(EXTRACTED DATA):
╭──

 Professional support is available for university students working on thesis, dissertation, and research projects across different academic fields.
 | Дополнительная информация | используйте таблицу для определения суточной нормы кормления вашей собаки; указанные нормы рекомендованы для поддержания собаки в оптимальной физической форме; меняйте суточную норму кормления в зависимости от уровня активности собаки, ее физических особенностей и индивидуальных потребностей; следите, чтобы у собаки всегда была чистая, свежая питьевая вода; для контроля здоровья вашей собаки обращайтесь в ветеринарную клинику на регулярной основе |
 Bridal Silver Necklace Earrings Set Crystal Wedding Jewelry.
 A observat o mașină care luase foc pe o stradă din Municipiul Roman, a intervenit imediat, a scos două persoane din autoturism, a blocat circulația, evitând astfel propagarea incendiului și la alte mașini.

╰──
╭──

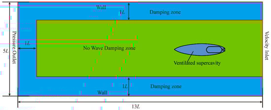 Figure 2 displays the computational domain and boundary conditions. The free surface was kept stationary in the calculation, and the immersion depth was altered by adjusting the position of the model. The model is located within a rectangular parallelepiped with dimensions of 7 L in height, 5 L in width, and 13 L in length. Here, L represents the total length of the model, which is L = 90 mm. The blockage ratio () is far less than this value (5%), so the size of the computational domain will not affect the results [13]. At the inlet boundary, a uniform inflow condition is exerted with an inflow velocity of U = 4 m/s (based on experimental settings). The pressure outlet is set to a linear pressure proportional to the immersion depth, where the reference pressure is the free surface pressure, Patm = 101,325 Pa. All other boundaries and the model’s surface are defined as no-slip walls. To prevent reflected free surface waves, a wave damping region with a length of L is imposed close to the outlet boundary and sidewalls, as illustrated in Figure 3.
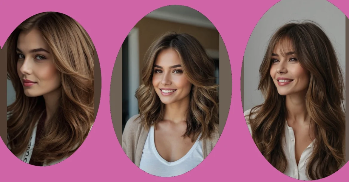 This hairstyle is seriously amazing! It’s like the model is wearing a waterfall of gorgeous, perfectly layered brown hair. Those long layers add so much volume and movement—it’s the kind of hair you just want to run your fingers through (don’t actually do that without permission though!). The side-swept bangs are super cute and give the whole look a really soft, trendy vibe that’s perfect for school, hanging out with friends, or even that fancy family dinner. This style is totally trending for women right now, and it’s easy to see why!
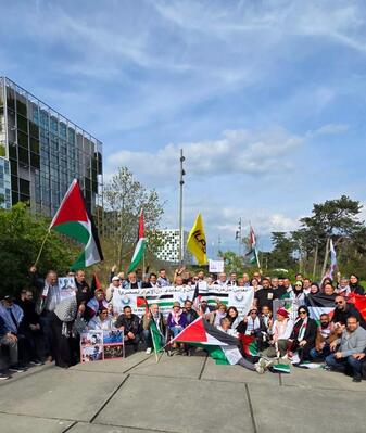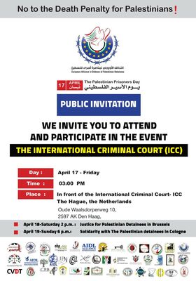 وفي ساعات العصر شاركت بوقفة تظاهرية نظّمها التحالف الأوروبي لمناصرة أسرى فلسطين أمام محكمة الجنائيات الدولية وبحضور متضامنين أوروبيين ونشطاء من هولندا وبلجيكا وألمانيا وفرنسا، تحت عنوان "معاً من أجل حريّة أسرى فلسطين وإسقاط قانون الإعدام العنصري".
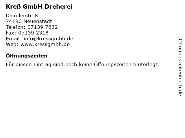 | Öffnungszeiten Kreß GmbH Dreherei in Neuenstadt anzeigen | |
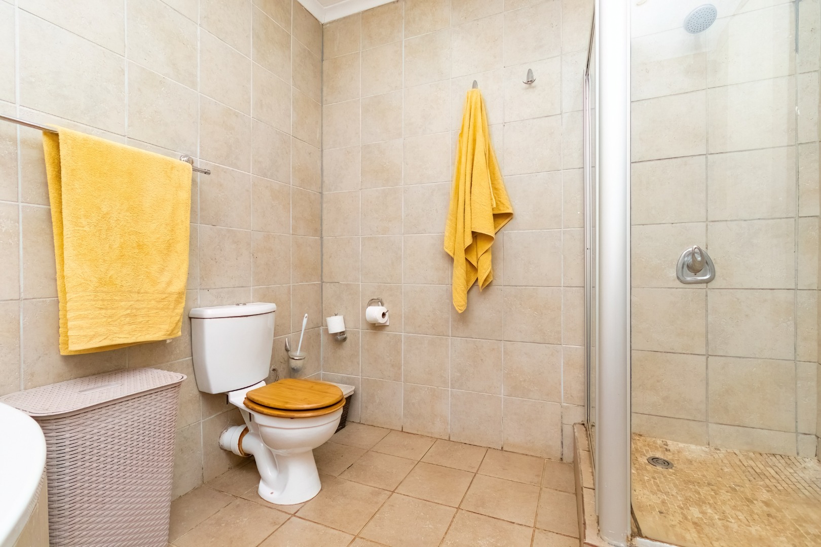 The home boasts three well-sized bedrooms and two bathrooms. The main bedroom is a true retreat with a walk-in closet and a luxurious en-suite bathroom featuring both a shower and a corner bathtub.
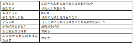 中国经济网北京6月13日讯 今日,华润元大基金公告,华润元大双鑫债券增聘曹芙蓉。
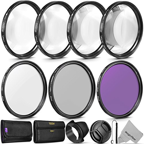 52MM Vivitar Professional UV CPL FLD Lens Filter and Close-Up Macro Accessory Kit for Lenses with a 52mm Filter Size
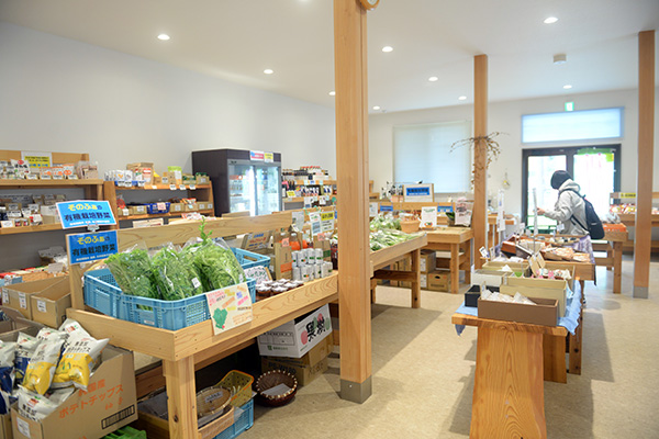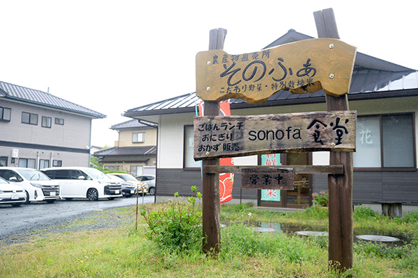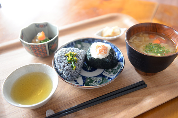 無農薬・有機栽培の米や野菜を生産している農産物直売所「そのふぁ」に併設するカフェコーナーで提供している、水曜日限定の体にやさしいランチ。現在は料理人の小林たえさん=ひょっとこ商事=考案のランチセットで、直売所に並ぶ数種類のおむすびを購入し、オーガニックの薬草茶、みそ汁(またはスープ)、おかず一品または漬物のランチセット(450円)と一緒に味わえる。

╰──

(TASK): Where the listing above has a line with "Bridal Silver Necklace", start there, and output every line exactly through the line with "A observat o", which is also included.

(ANSWER SECTION):
 Bridal Silver Necklace Earrings Set Crystal Wedding Jewelry.
 A observat o mașină care luase foc pe o stradă din Municipiul Roman, a intervenit imediat, a scos două persoane din autoturism, a blocat circulația, evitând astfel propagarea incendiului și la alte mașini.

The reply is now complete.